Material provided:
----------

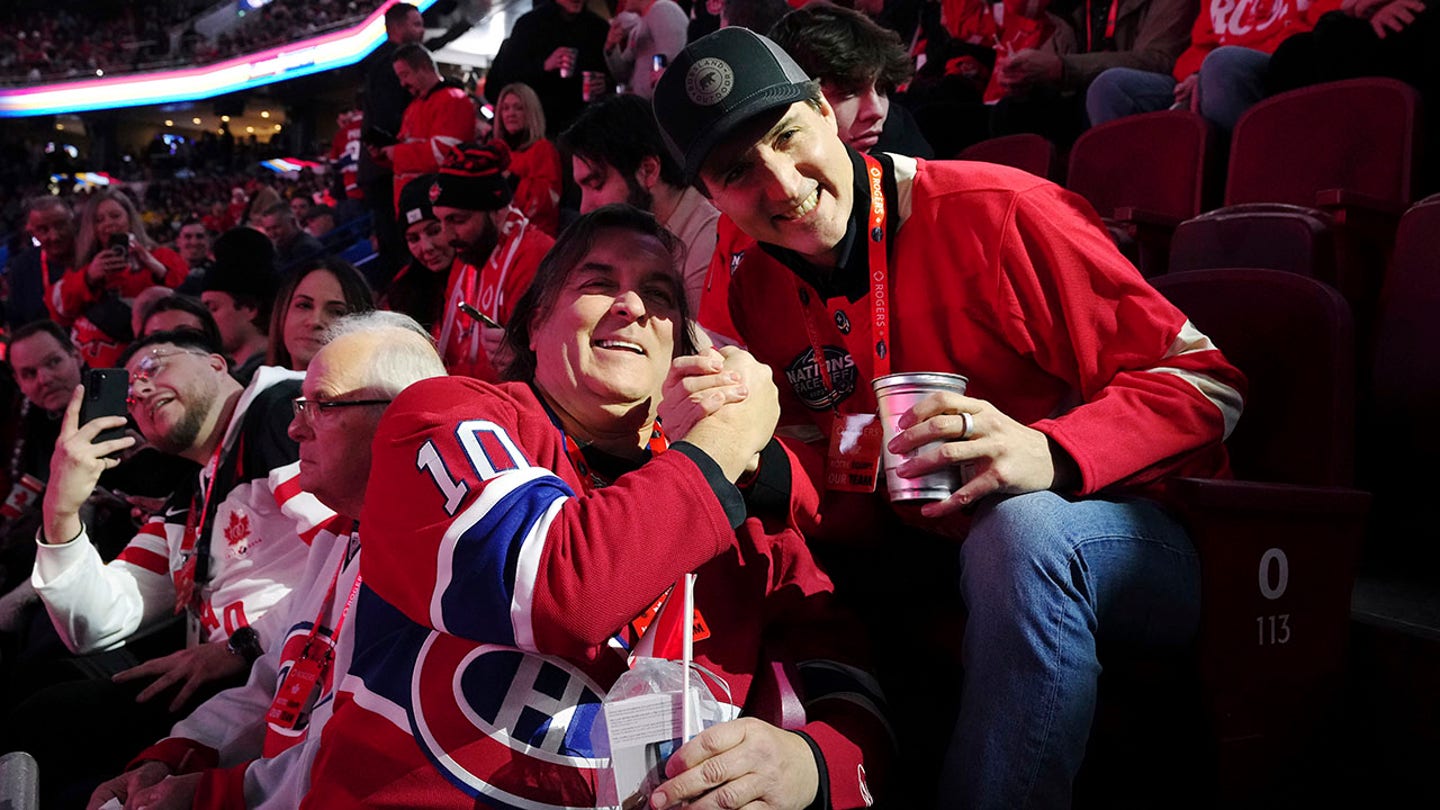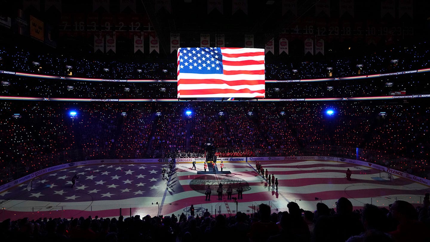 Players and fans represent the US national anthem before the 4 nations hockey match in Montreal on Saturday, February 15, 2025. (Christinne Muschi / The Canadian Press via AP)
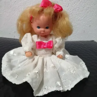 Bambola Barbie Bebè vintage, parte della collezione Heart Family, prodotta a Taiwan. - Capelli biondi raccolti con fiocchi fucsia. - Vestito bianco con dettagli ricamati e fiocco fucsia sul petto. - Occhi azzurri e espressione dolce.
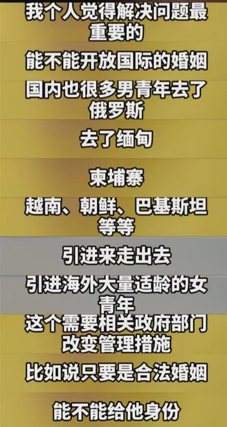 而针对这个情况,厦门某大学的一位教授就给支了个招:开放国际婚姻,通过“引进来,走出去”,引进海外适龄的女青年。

----------

Task details: Please reproduce the whole listing exactly; the pictures stay out.

Result of the exercise:
 Players and fans represent the US national anthem before the 4 nations hockey match in Montreal on Saturday, February 15, 2025. (Christinne Muschi / The Canadian Press via AP)
 Bambola Barbie Bebè vintage, parte della collezione Heart Family, prodotta a Taiwan. - Capelli biondi raccolti con fiocchi fucsia. - Vestito bianco con dettagli ricamati e fiocco fucsia sul petto. - Occhi azzurri e espressione dolce.
 而针对这个情况,厦门某大学的一位教授就给支了个招:开放国际婚姻,通过“引进来,走出去”,引进海外适龄的女青年。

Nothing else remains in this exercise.